Other Improvements in User Interface and Usability

  • File browser is now separated into a dedicated container managed by storage proxy, providing better file I/O performance. (BETA)
  • You can now set a pending timeout to automatically cancel a session creation request if it is not scheduled for the specified time period for each resource group.
  • You can specify the types of sessions allowed to run for each resource group.
  • You can mount a virtual folder to an arbitrary absolute path location inside a container.
  • You can mount subdirectories of a virtual folder to the /home/work subdirectory or an arbitrary absolute path location inside a container.
  • You can now see session information more simply in the WebUI.
  • The WebUI now distinguishes between batch sessions and interactive sessions.
  • The CLI provides consistent JSON output for not only queries but also mutation operations that change server information.
  • The backend.ai-client and backend.ai-client-cli packages have been separated to reduce the potential for dependency conflicts when integrating the SDK with other applications and frameworks. (BETA)
  • Error details in Storage proxy are better conveyed via Manager API, with more detailed information on the error cause and related file paths.
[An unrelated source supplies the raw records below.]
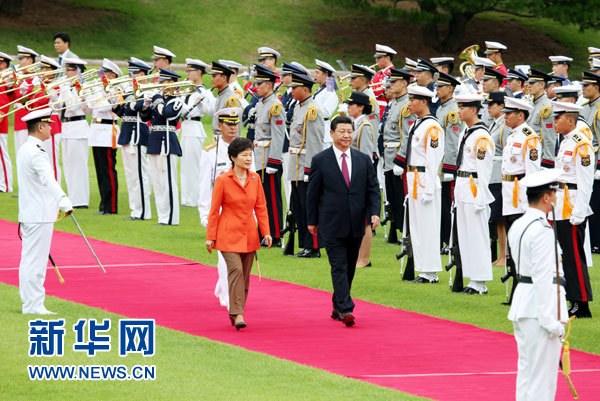 ??? 7月3日,國家主席習近平在首爾同韓國總統樸槿惠舉行會談。會談前,樸槿惠在青瓦臺總統府為習近平舉行隆重歡迎儀式。 新華社記者姚大偉攝
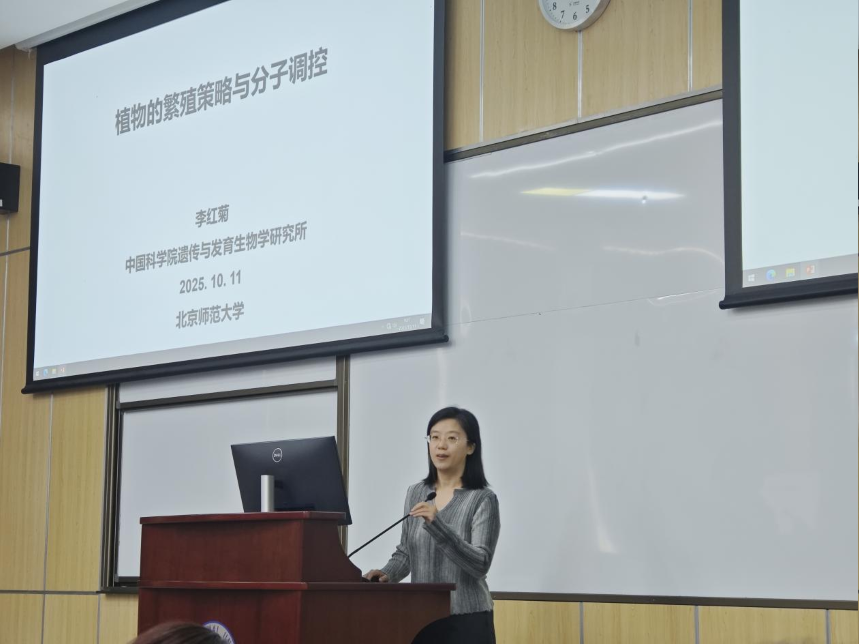 在专家讲座环节,李红菊研究员与大家分享了植物的生殖策略与分子调控相关知识,深入浅出地讲解了植物生殖发育过程中自交和异交的不同策略及面临的繁殖困境。汇报后,同学和老师们积极提问,在倾听学术的同时发现新思想,感悟新观念,令大家受益颇多。
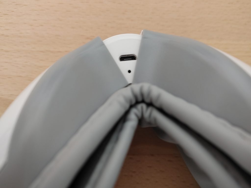 Il massaggiatore è a tutti gli effetti un oggetto che non abbiamo mai visto prima. Sembra un Oculus Rift, ma può essere piegato, quindi è facilmente trasportabile per il viaggio (può essere usato ad esempio in aereo).
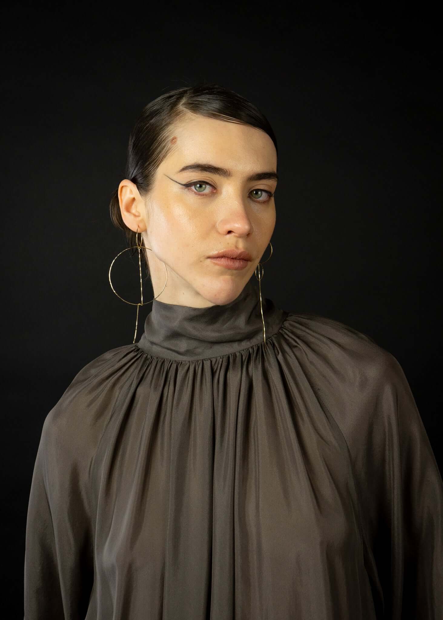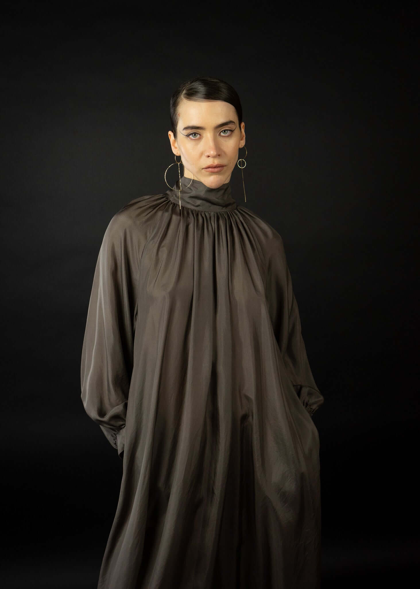 Kleid aus feinem Seidenponge mit Raglan Ärmel, Bindekragen und Manschetten.
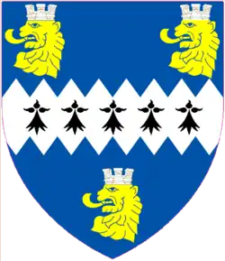 Azure, a Fess indented Ermine, between three Lions' Heads erased Or, murally crowned Argent
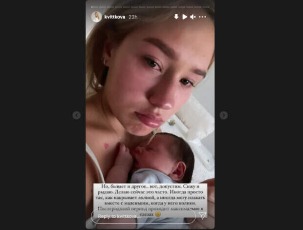 На этот раз девушка поделилась откровением в своём Инстаграм. В историях Даша плачет, держа новорожденного сына на руках. "Вот допустим, сижу и рыдаю. Делаю сейчас это часто. Иногда просто так, как накрывает волной, а иногда могу плакать вместе с маленьким, когда у него колики. Послеродовой период проходит максимально в слезах" После этого, девушка заявила, что ей не стыдно говорить об этом. Она поддерживает тех матерей, которые узнают себя в её словах и говорит, что они не одни. Уже позже, Даша выложила у себя в историях новую фотографию, где обнимает сына Льва и рассказывает про временный депрессивный период. "Хочу, чтобы вы понимали: я не страдаю и всё хорошо. Я знаю, что всё это временно. Просто хочу, чтобы все девочки, которые столкнулись с этим впервые, как я - не переживали. Чтобы они знали, что они не одни и если хочется плакать - плачьте". Ранее сообщалось, жена "Холостяка" Добрынина зацепила признанием, показав сына на первой прогулке: "Быть родителями..." Также, жене "Холостяка" Добрынина с младенцем на руках пришлось срочно съехать в отель: "Дома продолжаются..." Politeka рассказывала, "Холостяк" Добрынин неожиданно уехал от своей жены и новорожденного сына: "Как тут перебороть эту. .."
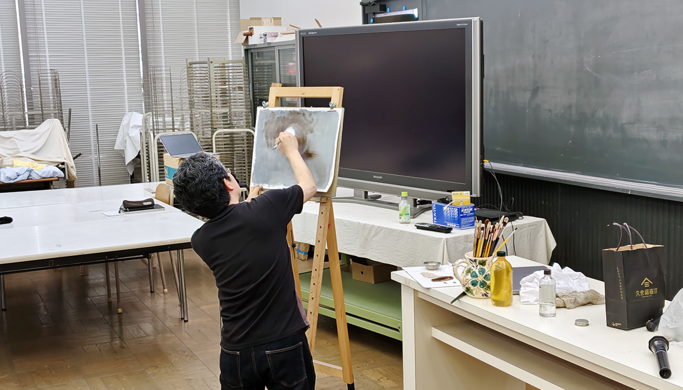 この日は油絵学科・小尾修先生、広報スタッフと一緒に
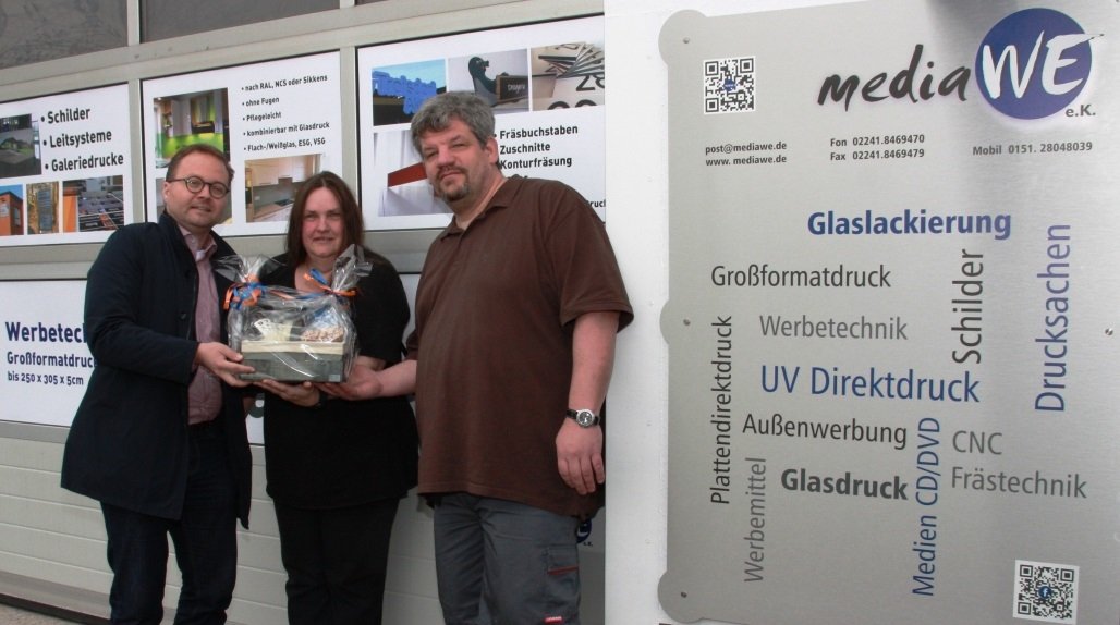 Wirtschaftsförderer Thomas Zacharias hieß die Eheleute Weber herzlich willkommen: „Wirtschaftliche Überlegungen und private Präferenzen haben Sie zum Umzug nach Troisdorf veranlasst. Es bestätigt, dass die Stadt attraktiver Wirtschaftsstandort und Wohlfühlstandort gleichermaßen ist.“

Development and Research Framework Support

  • TensorFlow 2.7/2.8 support
    • Supports TensorFlow 2.7/2.8. Some TensorFlow components are missing for TF 2.8 because some compatible components like TFX have not yet been updated.
  • PyTorch 1.10/1.11 support
  • NGC TensorFlow/PyTorch 22.03, Triton 22.03 support
    • Supports the March 2022 version of the NGC TensorFlow image.
    • Supports the March 2022 version of the NGC PyTorch image.
    • Supports the March 2022 version of Nvidia Triton service image.
  • GPU-accelerated Julia 1.7 and FluxML support
    • Supports CUDA GPU-accelerated Julia 1.7.
    • Provides FluxML with CUDA 11.3-based GPU acceleration.
  • (Cloud) R Studio support
    • Provides R Studio on Backend.AI Cloud directly from the web without desktop app support.
  • Weights & Bias integration support (BETA)
    • Provides integrated support for W&B on Backend.AI, making it easy to run W&B. It is still in beta, and will be officially released at the end of April.